#### [Data block]
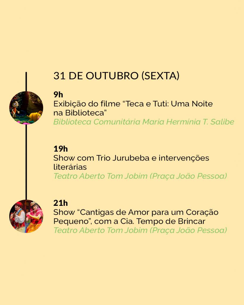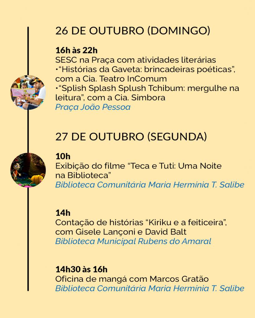 A programação conta com banca de troca de livros, palestras, oficinas, contação de histórias, saraus e performances, espetáculos teatrais, exposições, lançamento de livros, rodas de conversa, sessões de cinema, shows. Diversos locais do município receberão as atividades, como escolas municipais e estaduais, bibliotecas, pontos de cultura, praça, faculdades, entre outros. Nenhuma atividade necessita inscrição prévia.
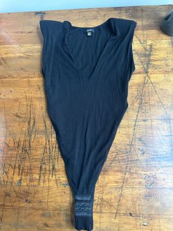 AFRM Black Ribbed V-neck Bodysuit with Shoulder Pads Size Extra Small$20New York, NY
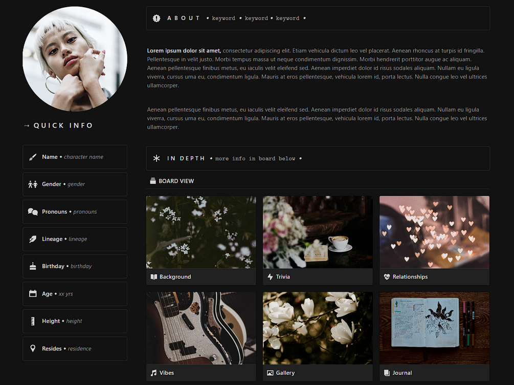 Hello, everyone. I’m new to Obsidian and would absolutely love to start using the program for my “character wikis,” where a database style is at the center of its structure. I have some examples below that capture what I would fundamentally like to achieve:

#### [Exercise]
Print each line of the listing, starting at its first and ending with the line that holds "AFRM Black Ribbed", but skip any pictures.

#### [Solution for this problem]
 A programação conta com banca de troca de livros, palestras, oficinas, contação de histórias, saraus e performances, espetáculos teatrais, exposições, lançamento de livros, rodas de conversa, sessões de cinema, shows. Diversos locais do município receberão as atividades, como escolas municipais e estaduais, bibliotecas, pontos de cultura, praça, faculdades, entre outros. Nenhuma atividade necessita inscrição prévia.
 AFRM Black Ribbed V-neck Bodysuit with Shoulder Pads Size Extra Small$20New York, NY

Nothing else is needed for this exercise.